Hampole et al. (2025) find that mean task exposure depresses labour demand, but exposure concentrated in a few tasks offsets those losses — workers reallocate effort to non-exposed tasks. V7 therefore applies the task-concentration signal (derived from Anthropic task penetration data matched to O*NET task statements) as a buffer that reduces effective exposure.

task_signal = task_exposure_concentration x task_effective_coverage

exposure_v7 = clamp01(exposure x (1 - 0.20 x task_signal))

Correction (7 Jun 2026): the original V7 release applied this term as an exposure amplifier. That inverted the sign of the cited finding — Hampole et al. show concentration buffers labour-demand losses. The term now reduces effective exposure; all published scores reflect the corrected formula.

492 of 562 occupations have task data; 361 end up with a non-zero task_signal. Occupations without task data (or with zero measured concentration) receive task_signal = 0, preserving V6-equivalent exposure.

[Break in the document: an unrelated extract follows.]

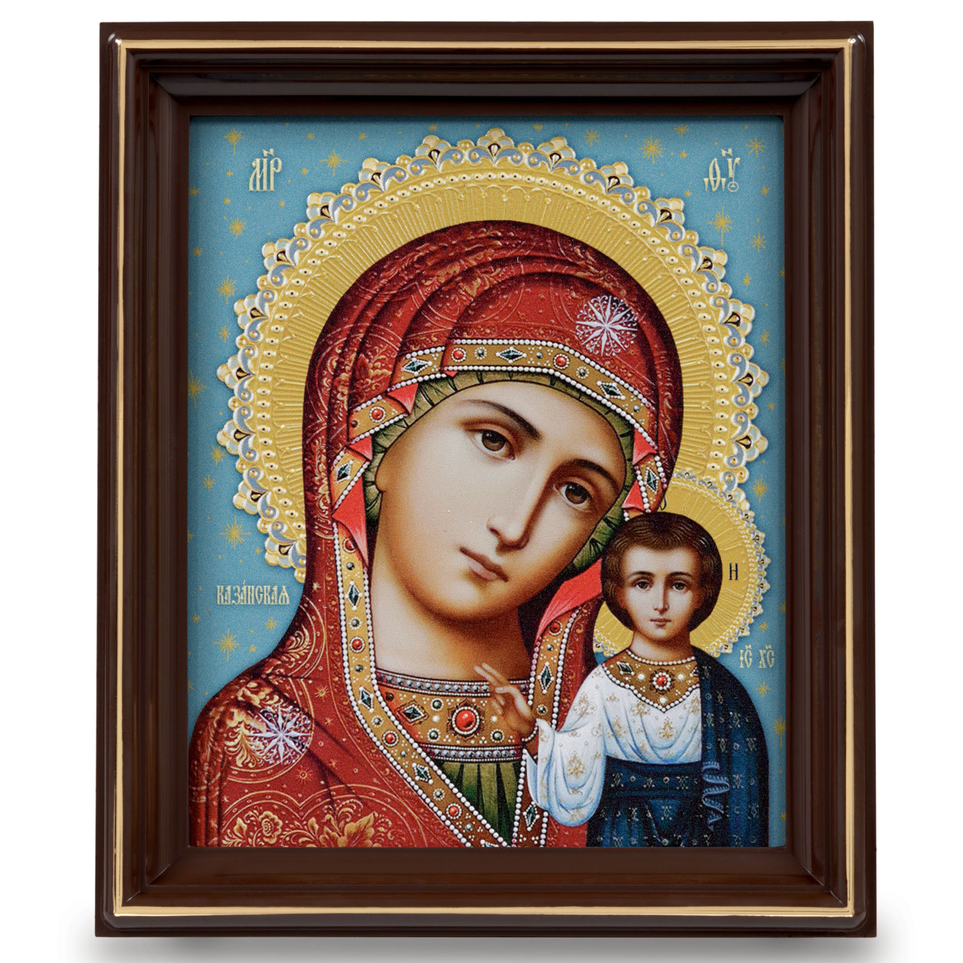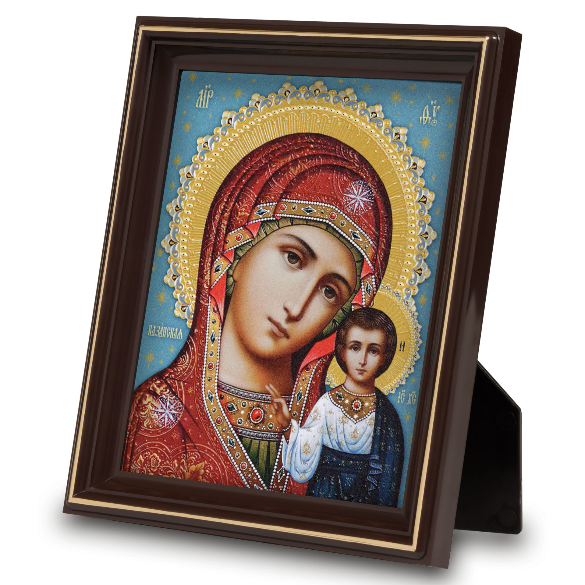 Икона на пластике 13х16 объёмная печать, лак, в пластмассовой рамке на подставке Казанская БМ 1

2. Demand-persistence proxy

Motivated by the Imas price-elasticity critique: when AI reduces service costs, demand may increase enough to offset displacement. Occupation-level elasticity data does not exist, so V7 builds a ranked composite proxy from four existing labour-demand signals — a partial response, not an elasticity measure.

demand_persistence = 0.4 x momentum_rank + 0.3 x vacancy_rank + 0.2 x scarcity_rank + 0.1 x demand_bonus_rank

demand_resilience_v7 = clamp01(base_resilience x 0.45 + demand_signal_bonus + 0.10 x demand_persistence)

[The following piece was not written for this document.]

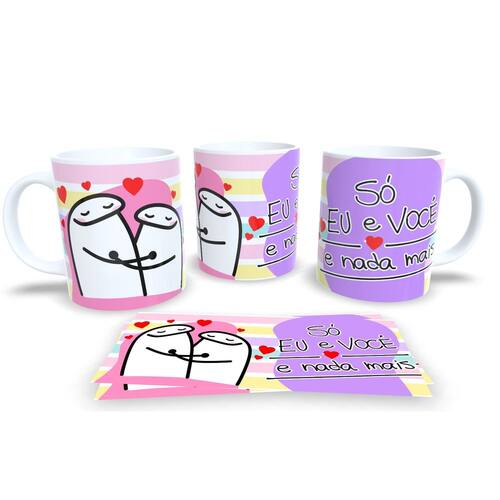Caneca personalizada de porcelana de alto brilho, com interior e Alça Branca Coleção Flork Namorados.

This is not a measure of price elasticity. It is a demand-side counterforce proxy using market momentum, vacancy trends, wage scarcity, and official demand signals.

Complete V7 formula

exposure = reliability-weighted 4-source ensemble (Felten AIOE, Anthropic, Eloundou, ILO)

task_signal = task_exposure_concentration x task_effective_coverage

exposure_v7 = clamp01(exposure x (1 - 0.20 x task_signal))

bottleneck = pctile_rank(Pizzinelli theta)

displacement_pressure = exposure_v7 x (1 - bottleneck)

demand_persistence = 0.4 x mm_rank + 0.3 x vacancy_rank + 0.2 x scarcity_rank + 0.1 x bonus_rank

demand_resilience = clamp01(base_resilience x 0.45 + demand_signal_bonus + 0.10 x demand_persistence)

headline_risk = displacement_pressure x (1 - demand_resilience)

augmentation = exposure_v7 x bottleneck x base_resilience

Stability metrics

Median |delta risk|

0.0092

Target: < 0.03

Band flips

53 / 562 (9.4%)

Target: < 15%

Spearman rank correlation

0.9996

Target: > 0.95

Directional accuracy

100% (2/2 pairwise)

Target: ≥ 50%

Validation

V7 passes 221 of 221 internal release and data-contract checks. All 6 anchor occupations pass (Software Developer, Data Entry Clerk, Surgeon, Telemarketer, Registered Nurse, Data Scientist). External calibration is reported separately: the direct BLS segment remains significantly negative, and the Singapore cluster labour backtest currently passes 2 of 3 discriminating checks (a no-variance retrenchment column is excluded as inconclusive).

Research grounding

  • Hampole et al. (2025, NBER w33509) — Mean task exposure depresses within-firm labour demand, but concentration of exposure in a few tasks offsets losses: workers reallocate effort toward non-exposed tasks. V7 applies concentration as an exposure buffer accordingly.
  • Imas & Shukla (2026) — Argue exposure alone cannot predict displacement without output-demand price elasticity and job dimensionality. V7's demand-persistence proxy is a partial, labour-demand-side response: it measures recent demand persistence (momentum, vacancies, scarcity), not output-price elasticity, and does not capture dimensionality.
  • Brookings (2026) — Career pathway erosion when gateway occupations are automated. Informs the transition-capacity layer (separate from headline score).

Data and downloads

V7 dataset is available at /data in JSON and CSV formats. V6 baseline scores are preserved in the baseline_v6 field of every occupation record. New V7 fields: task_signal, demand_persistence, exposure_v7. The non-promoted forecast-readiness matrix maps labour-outcome and adoption inputs to their existing source owners and validation gates.